◆ MATERIALS PROVIDED

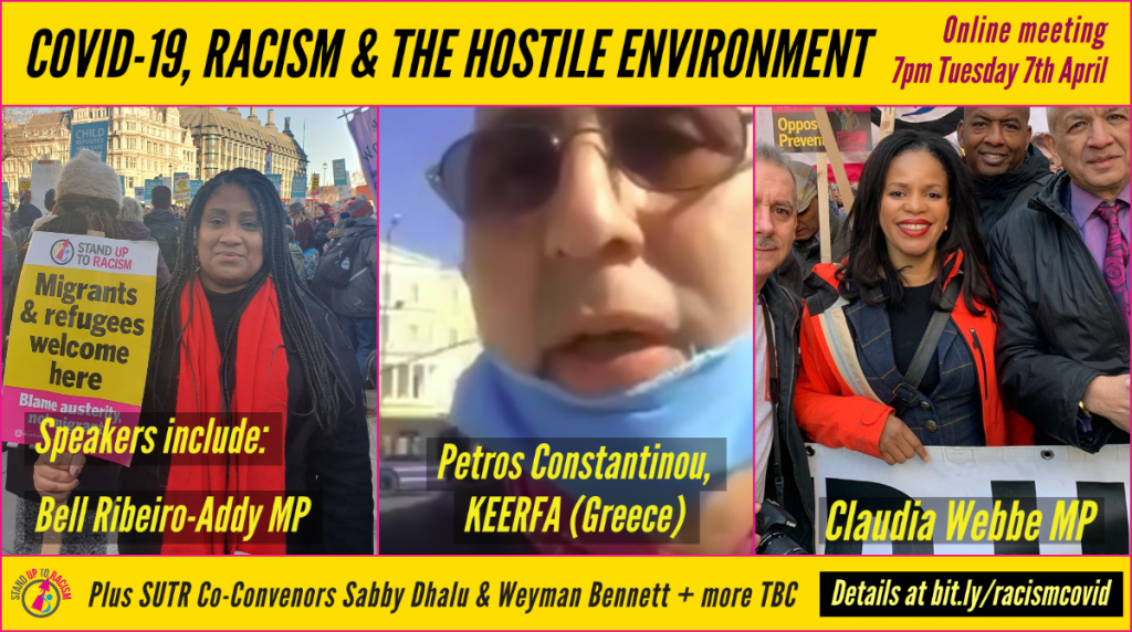 | With Bell Ribeiro-Addy MP, Claudia Webbe MP, Petros Constantinou, KEERFA (Greece), Stand Up To Racism co-convenors Sabby Dhalu & Weyman Bennett, an NHS paramedic + more speakers TBC The Covid-19 Pandemic, combined with the failure of the British Government to properly protect its population, and a major economic crash has created situation where the most abhorrent forms of racism are set to thrive. Racist attacks against Chinese and east-Asian people are on the rise, and anti-immigrant measures have meant that migrants and refugees are at severe risk of becoming unwell and falling into destitution. Bell Ribeiro-Addy MP has been leading calls for action on the COVID-19 pandemic since the start, as well as providing a voice against racist scapegoating & for migrant & refugee rights during this crisis. Claudia Webbe MP has been at the front line of the anti-racist struggle for decades, as an activist, councillor and now MP for Leicester East. Petros Constantinou is a leading activist against racism & the far-right in Greece, and is at the front line of demands for refugee rights during the crisis on the Greek border. Join us to discuss how we can force the Government to protect the most vulnerable, and build the broadest most powerful movement against racism as this crisis unfolds. – Link to join will be available on the SUTR Facebook page at 7pm on Tuesday – Join the event for more details |
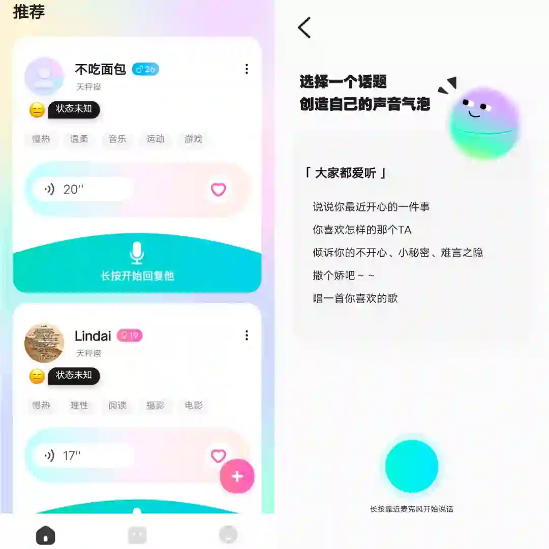 百度于近期推出了新的语音社交App“嗨圈圈”。用户初次注册需通过完成前期“灵魂测试”,即可匹配与自己最兴趣相投的人进行语音聊天,寻找另一个TA。(新言财经)
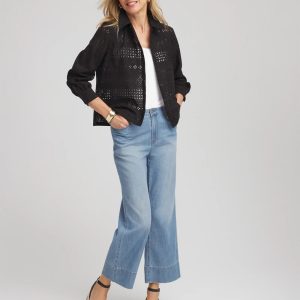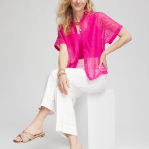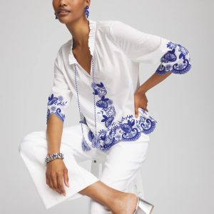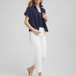 Embroidered Eyelet Button-down Top
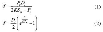 作用在筒壁上的工作壓力為50Mpa,設(shè)計(jì)壓力范圍在0.1Mpa~100Mpa之間,依據(jù)中華人民共和國(guó)行業(yè)標(biāo)準(zhǔn)JB4732-1995(2005年確認(rèn))《鋼制壓力容器一分析設(shè)計(jì)標(biāo)準(zhǔn)》中規(guī)定:當(dāng)設(shè)計(jì)壓力PC≤0.4KSm時(shí),按公式(1)確定壁厚;當(dāng)設(shè)計(jì)壓力PC>0.4KSm時(shí),按公式(2)確定壁厚。
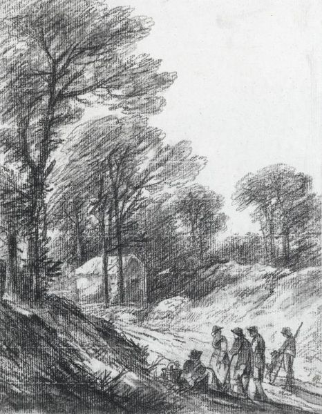 WOODED LANDSCAPE WITH FIVE FIGURES

◆ WHAT THE TASK ASKS
Every line between the one containing "百度于近期推出了新的语音社交" and the end of the listing, both included, needs to be retyped exactly, minus the pictures.

◆ WRITTEN SOLUTION
 百度于近期推出了新的语音社交App“嗨圈圈”。用户初次注册需通过完成前期“灵魂测试”,即可匹配与自己最兴趣相投的人进行语音聊天,寻找另一个TA。(新言财经)
 Embroidered Eyelet Button-down Top
 作用在筒壁上的工作壓力為50Mpa,設(shè)計(jì)壓力范圍在0.1Mpa~100Mpa之間,依據(jù)中華人民共和國(guó)行業(yè)標(biāo)準(zhǔn)JB4732-1995(2005年確認(rèn))《鋼制壓力容器一分析設(shè)計(jì)標(biāo)準(zhǔn)》中規(guī)定:當(dāng)設(shè)計(jì)壓力PC≤0.4KSm時(shí),按公式(1)確定壁厚;當(dāng)設(shè)計(jì)壓力PC>0.4KSm時(shí),按公式(2)確定壁厚。
 WOODED LANDSCAPE WITH FIVE FIGURES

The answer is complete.